PROBLEM DESCRIPTION: Starting at the line that contains "6月核爆狂欢·10000台服务器免单送", transcribe each line through the end of the material below, exactly and nothing else, leaving out the pictures.

DATA FOR ANALYSIS:
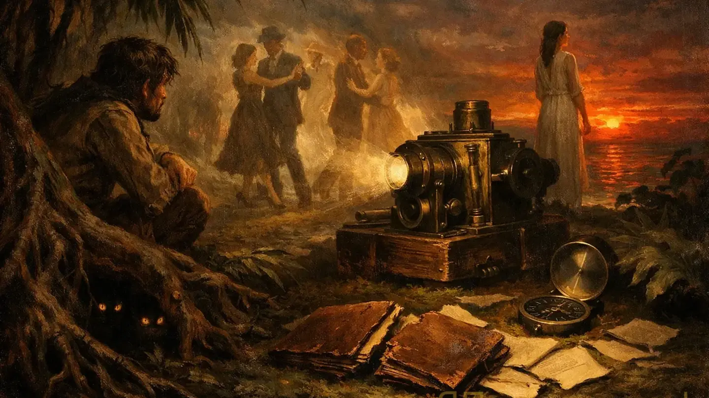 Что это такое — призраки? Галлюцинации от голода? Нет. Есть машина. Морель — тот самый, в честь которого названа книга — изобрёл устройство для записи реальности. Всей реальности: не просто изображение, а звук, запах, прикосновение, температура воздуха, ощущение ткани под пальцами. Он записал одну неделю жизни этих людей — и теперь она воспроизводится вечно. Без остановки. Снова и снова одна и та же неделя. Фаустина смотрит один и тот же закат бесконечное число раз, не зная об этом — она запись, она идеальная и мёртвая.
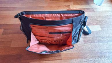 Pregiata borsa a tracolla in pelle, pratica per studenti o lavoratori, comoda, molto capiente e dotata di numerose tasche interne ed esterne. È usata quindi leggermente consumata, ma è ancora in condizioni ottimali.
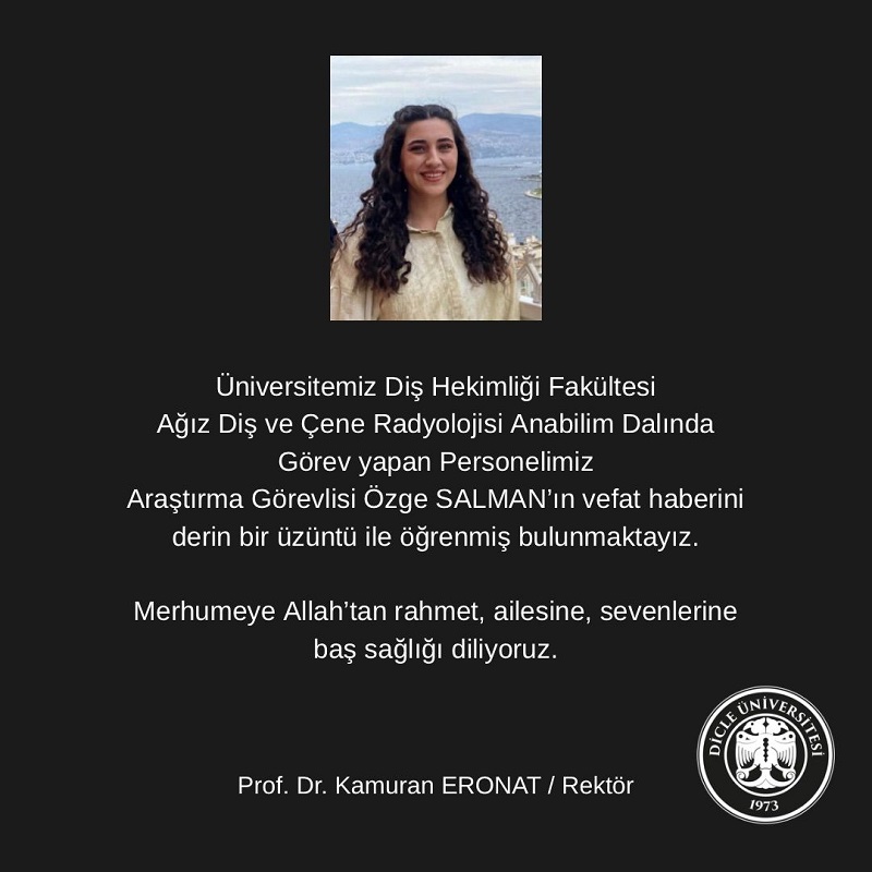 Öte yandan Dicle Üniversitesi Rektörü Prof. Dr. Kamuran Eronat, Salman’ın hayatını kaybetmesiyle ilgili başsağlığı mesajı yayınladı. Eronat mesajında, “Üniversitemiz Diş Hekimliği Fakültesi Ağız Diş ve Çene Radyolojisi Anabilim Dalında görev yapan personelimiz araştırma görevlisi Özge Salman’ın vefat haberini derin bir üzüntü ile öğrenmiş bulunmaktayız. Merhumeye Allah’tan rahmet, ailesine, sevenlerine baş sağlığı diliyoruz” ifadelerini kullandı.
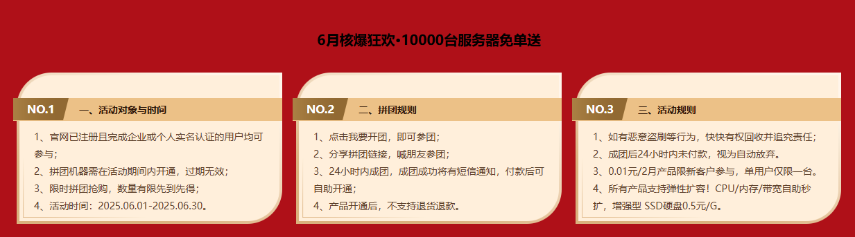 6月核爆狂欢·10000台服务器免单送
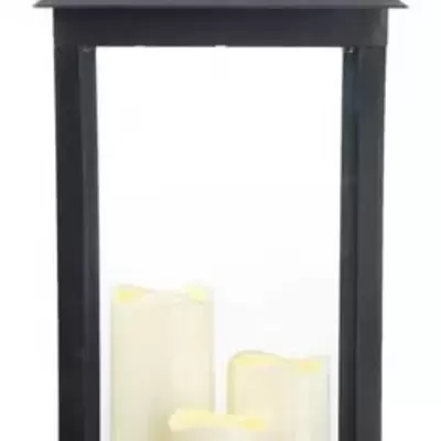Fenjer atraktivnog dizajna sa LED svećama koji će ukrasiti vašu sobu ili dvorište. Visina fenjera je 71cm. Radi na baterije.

ANSWER BOX:
 6月核爆狂欢·10000台服务器免单送
Fenjer atraktivnog dizajna sa LED svećama koji će ukrasiti vašu sobu ili dvorište. Visina fenjera je 71cm. Radi na baterije.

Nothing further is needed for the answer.